# Leota Trails 5-1-21



## Rich1028 (Jul 14, 2013)

*Leota Trails 5-1-21*









Leota Trail : Up North Trails


The trail traverses along Muskegon River north of Harrison for 50” ATV or less. The area varies in terrain from views of the river to rocky hillsides.




www.upnorthtrails.org





First Ride there this Year! And it was worth it! Trails were nice and Dry, if you like them dry, We do! Less Cleaning on Sunday! This Video takes us from the trail head, to the Muskegon River. We are Heading Over to the Denton Trails in the Next Video. 
Hope to See You On The Trails!


----------



## JenP (Mar 11, 2018)

These are awesome! Well be up riding in mio next week! First time for me in years cannot wait!!


----------



## Rich1028 (Jul 14, 2013)

Have Fun in Mio!
it is great there.
you taking videos? or pictures?


----------



## JenP (Mar 11, 2018)

I’ll take pictures! I don’t have a go pro...yet!!


----------



## Rich1028 (Jul 14, 2013)

*Denton Trails* 
This Video Continues were the Leota Trails Video Ended. We are now on the Denton Trails.

Denton Creek Trail & Route : Up North Trails


----------



## mac66 (Apr 4, 2017)

I have a cabin a couple miles south of the Denton creek trails (east of Meredith). I ride them occasionally. I've never got over to Leota but I've ridden up to St. Helen. Just getting back into trail riding after about a 15 year absence.


----------



## Rich1028 (Jul 14, 2013)

mac66 said:


> I have a cabin a couple miles south of the Denton creek trails (east of Meredith). I ride them occasionally. I've never got over to Leota but I've ridden up to St. Helen. Just getting back into trail riding after about a 15 year absence.


Nice Area.
We ride from Leota to Houghton Lake,eat and gas up and ride back to Leota.
Wow! Denton Trails to St. Helen is A trip.
Thanks for watching, and the comment!


----------



## mac66 (Apr 4, 2017)

Rich1028 said:


> Nice Area.
> We ride from Leota to Houghton Lake,eat and gas up and ride back to Leota.
> Wow!

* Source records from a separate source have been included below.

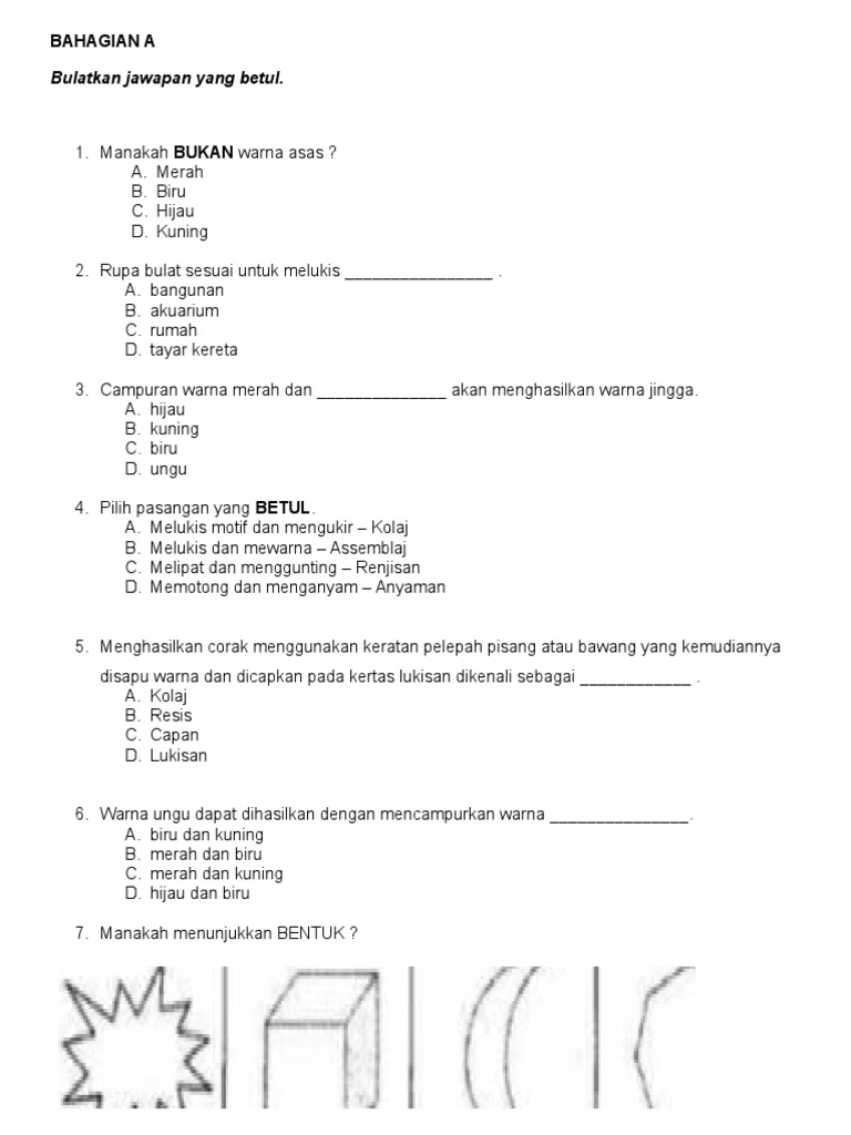 Soalan Pendidikan Seni Visual Tahun 4 Kssr
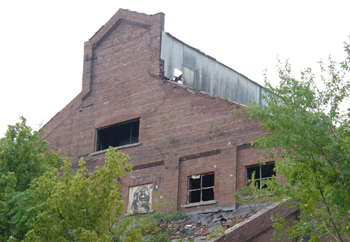 A massive, long-abandoned factory on N. Grand Avenue.
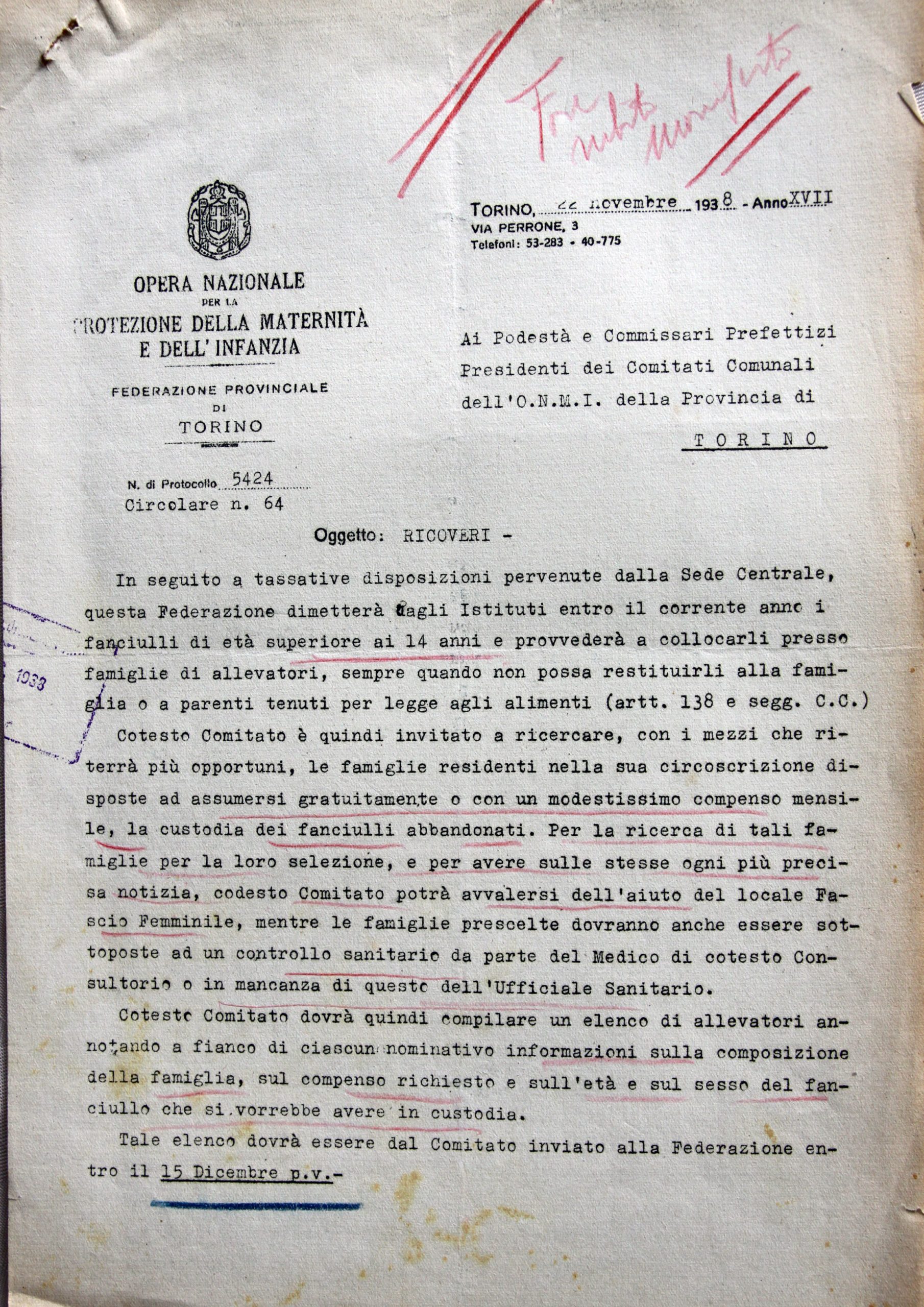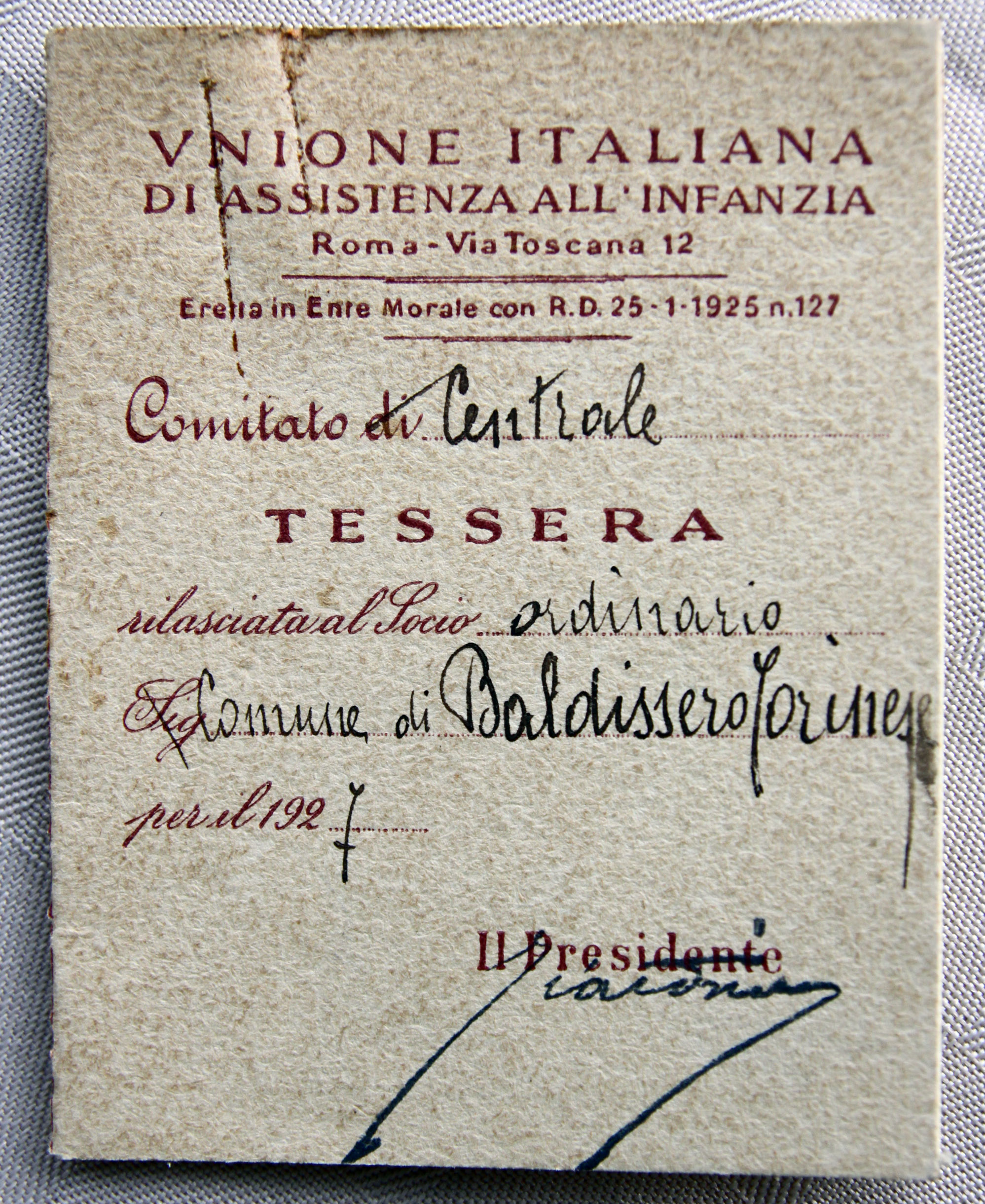 Un’altra associazione cui il comune di Baldissero aderisce nel 1926 è l’Unione nazionale di Assistenza all’Infanzia

Denton Trails to St. Helen is A trip.
> Thanks for watching, and the comment!


It's not too bad if you start at the trail head on Waco road and head east/north.


----------



## Rich1028 (Jul 14, 2013)

mac66 said:


> It's not too bad if you start at the trail head on Waco road and head east/north.


ok,I think I know were that is.


----------



## mac66 (Apr 4, 2017)

Rich1028 said:


> ok,I think I know were that is.


The trail head is on Waco road west of M 18 at the north end of the trail system. However, there is some open space for people to park their trucks/trailers on Waco rd just off of M 18 on the west side without going to the trail head. They then head to St. Helens by going east on Waco road until they pick up the ORV route on the other side of the gas line.

The actual ORV trail crosses M 18 about a mile south of Waco rd but then you have to go south, then all the way back north. It's quicker to just take Waco rd directly east since the ORV route to St. Helens is north of Waco rd.


----------



## Rich1028 (Jul 14, 2013)

mac66 said:


> The trail head is on Waco road west of M 18 at the north end of the trail system. However, there is some open space for people to park their trucks/trailers on Waco rd just off of M 18 on the west side without going to the trail head. They then head to St. Helens by going east on Waco road until they pick up the ORV route on the other side of the gas line.
> 
> The actual ORV trail crosses M 18 about a mile south of Waco rd but then you have to go south, then all the way back north. It's quicker to just take Waco rd directly east since the ORV route to St. Helens is north of Waco rd.


I think I can find that, Thanks!


----------